**BRIEF**
Among the lines below, the one containing "珪藻土の細孔作用で消臭効果を" opens the range and the one containing "Pantalone comodo, vita" closes it. Print that range exactly, without the pictures.

[PROVIDED DATA Boundary: Start]

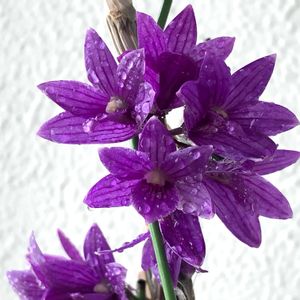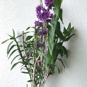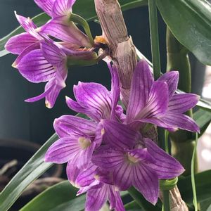 💜デンドロビウム・クニコ"ジュン"💜 ポツポツ咲いてくれます✨ 台風🌀からベランダ内側へ避難中。 🏷️魅惑のデンドロビウム
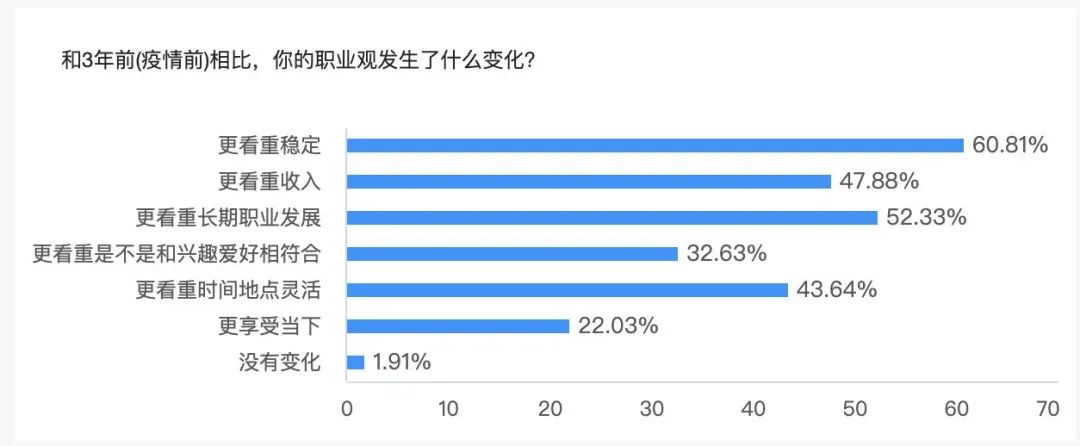 疫情三年最大的变化就是,身边在互联网公司上班的人都想跳槽去国企了,他们考虑的第一顺位从收入变成了稳定。在我们的调查问卷中,有60.81%的人选择了「稳定」。
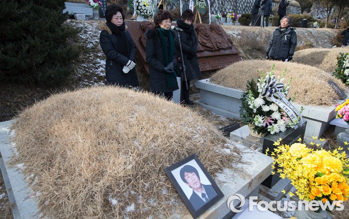 (남양주=포커스뉴스) 20일 오후 경기도 남양주시 모란공원묘지에서 열린 '용산참사 7주기 철거민 민중열사 추모제'에서 유족들이 발언을 하고 있다.
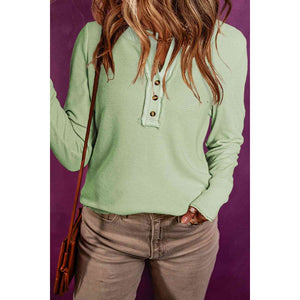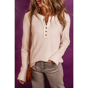 Buttoned Notched Neck Long Sleeve Top
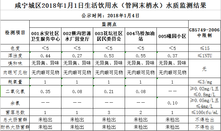 2018年1月4日咸宁城区生活饮用水监测结果公示
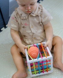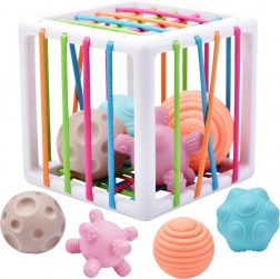Tato senzorická kostka s pružnými gumičkami je ideální pomůckou pro děti, které rády objevují svět dotykem. Měkké tvary s různými povrchy děti snadno uchopí, stisknou a protlačí skrz elastické pásky. Hra přirozeně rozvíjí , hmat a koordinaci, zároveň posiluje trpělivost a logické myšlení.
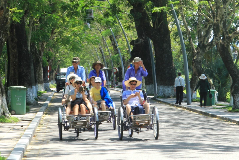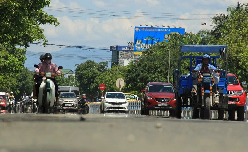 Những ngày vừa qua, nhiệt độ tăng cao khiến người dân TP Huế (Thừa Thiên-Huế) có thể cảm nhận nắng nóng gay gắt ngay từ đầu buổi sáng và kéo dài cho đến chiều tối. Nắng nóng khiến mặt đường như bị chảy nhựa. Ảnh: NGUYỄN DO
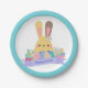 Platos de papel cortos con el conejo de Pascua sentado entre un montón de huevos coloridos.
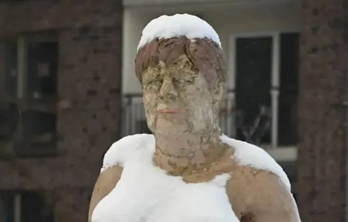 Статуя с лицом Меркель в Гамбурге. Обложка © X / TobiAyodele
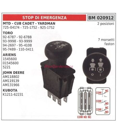 jl BOUTON DE SECURITE pour moteur MTD- CUB CADET - YARDMAN 725-041147 - 725-1752 - 925-1752 TORO 92-6787 - 92-6788 93-9998 - 93-9999 94-2697 - 95-4108 95-7489 - 110-0411 ARIENS 1545600 01545600 5221 JOHN DEERE AM118802 AM119139 AM131966 KUBOTA K1211-62231 2 POSITIONS 7 FASTON CLAMPS Code d'origine : AT ...
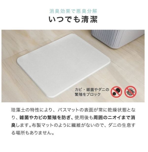 珪藻土の細孔作用で消臭効果を発揮します。 洗面所だけではなく、トイレや玄関、押し入れなどで脱臭・湿度を調整してくれて大活躍!!
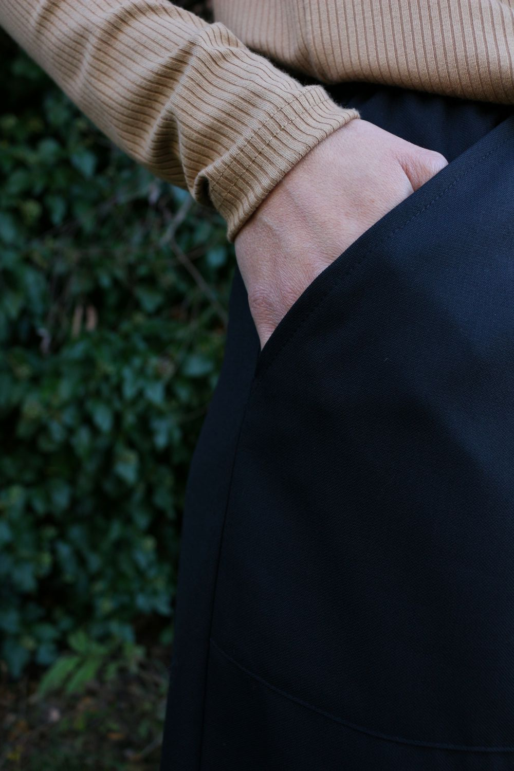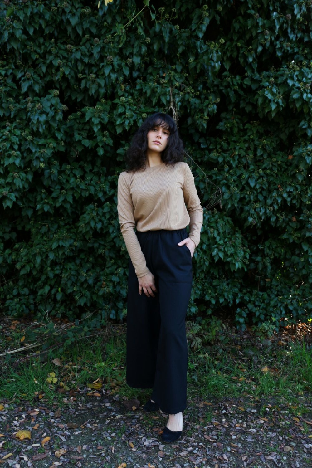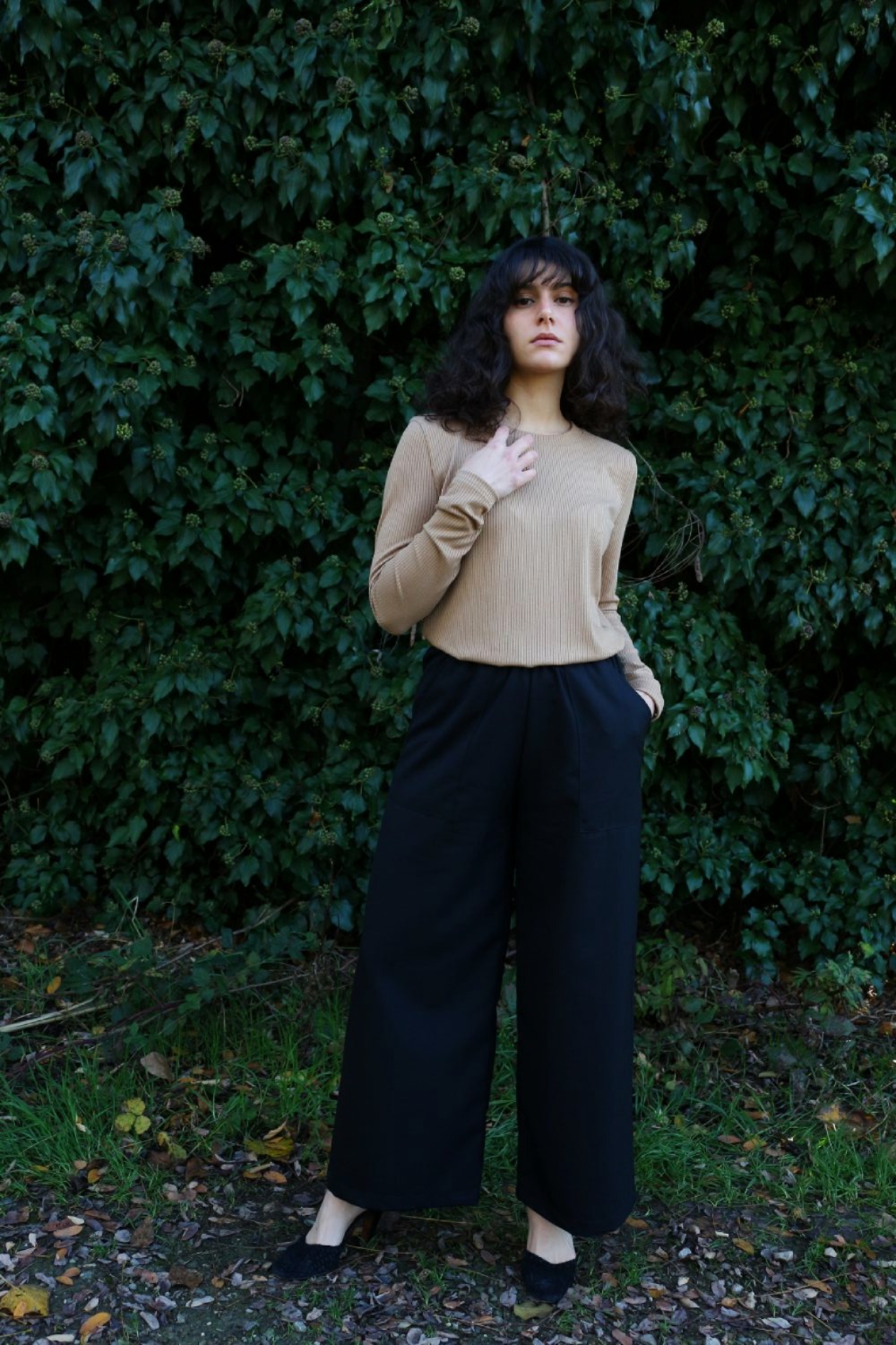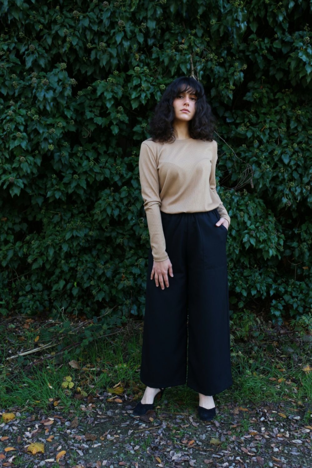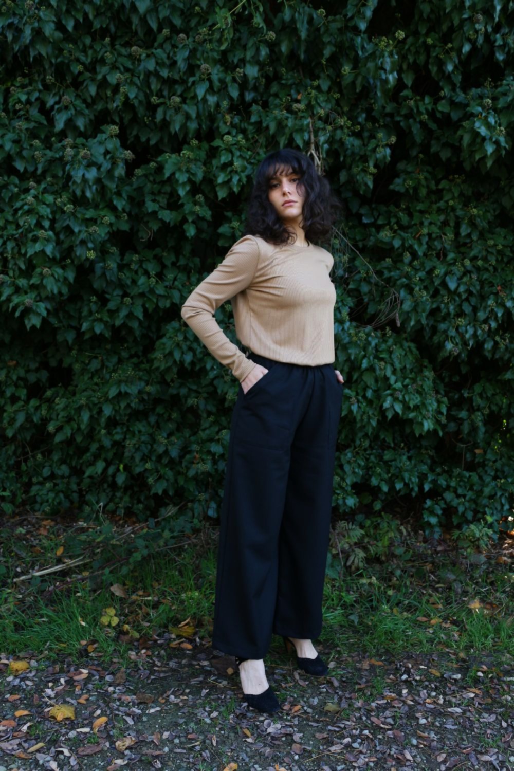 Pantalone comodo, vita alta, elastico morbido in vita, largo su coscia e caviglie. In base al tipo di tessuto le tasche saranno a scomparsa sui fianchi oppure applicate sui fianchi (come da foto illustrative).
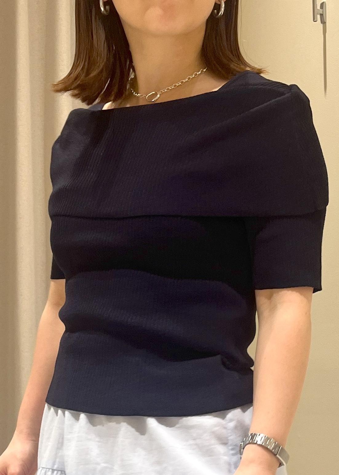 VIS【アンチピリング/UVケア/洗える】オフショルハーフスリーブニットネイビー / F¥4,939レビューリブ編みですがぴったりしすぎず、気になるボディラインを拾うことなくスッキリ着れました。
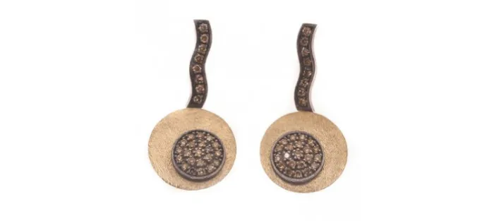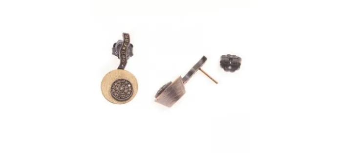 Pendiente de plata envejecida de primera ley (925) y oro amarillo de 18 Quilates. Perno también en oro amarillo de 18 Quilates.
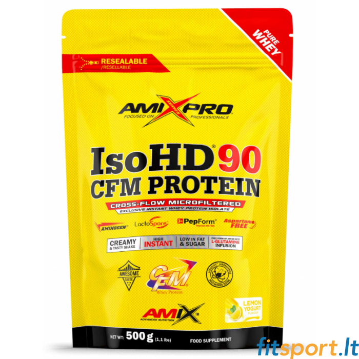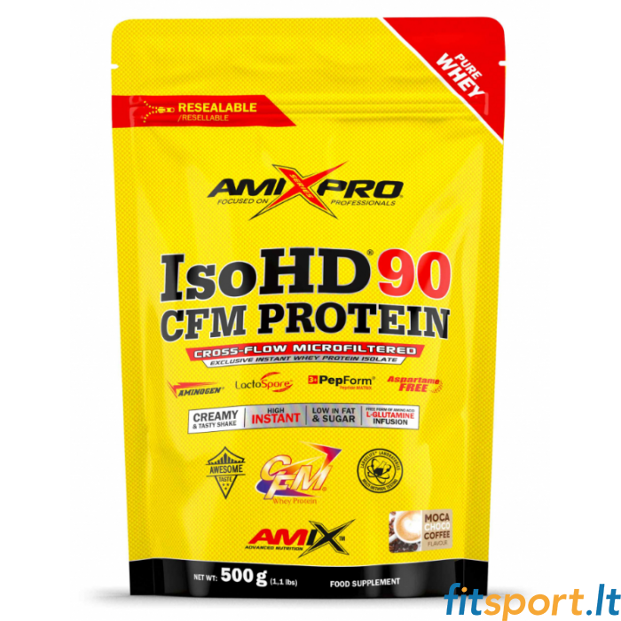 AmixPro® IsoHD 90 CFM Protein – tai aukštos kokybės greito pasisavinimo baltymų izoliatas. Panaudota itin kokybiška žaliava ir specialus išgavimo būdas – CFM® (kryžminio srauto mikrofiltracija), siekiant atitikti net pačių išrankiausių atletų poreikius. AmixPro® IsoHD 90 CFM Protein pasižymi tuom, kad jame beveik nėra riebalų ir angliavandenių, bei yra didelis kiekis šakotų grandinių amino rūgščių (BCAA) ir aminorūgšties L-glutamino. Negana to, šis baltymų mišinys savo sudėtyje turi ir PepForm® Triple-Matrix mišinį bei AminoGen® fermentų ir LactoSpore™ probiotikų mišinius. Suteikite savo raumenims tik geriausią, su AmixPro® IsoHD 90 CFM Protein!
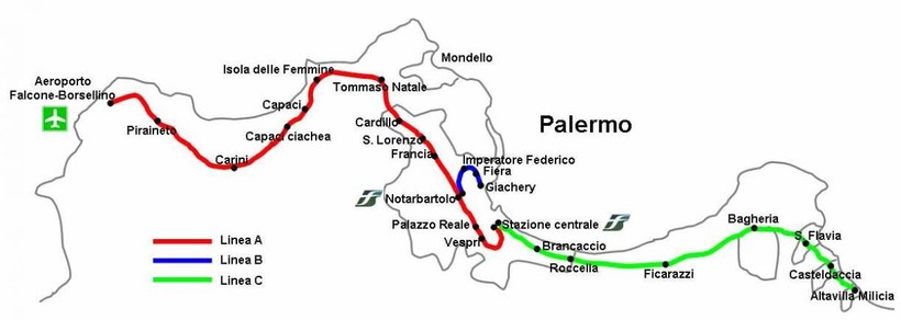 - Trinacria Express — относительно скоростной поезд (45 минут и вы на Центральном Вокзале). Все остановки и пересадки хорошо видны на фото ниже.

[PROVIDED DATA Boundary: End]

**YOUR SOLUTION**
 珪藻土の細孔作用で消臭効果を発揮します。 洗面所だけではなく、トイレや玄関、押し入れなどで脱臭・湿度を調整してくれて大活躍!!
 Pantalone comodo, vita alta, elastico morbido in vita, largo su coscia e caviglie. In base al tipo di tessuto le tasche saranno a scomparsa sui fianchi oppure applicate sui fianchi (come da foto illustrative).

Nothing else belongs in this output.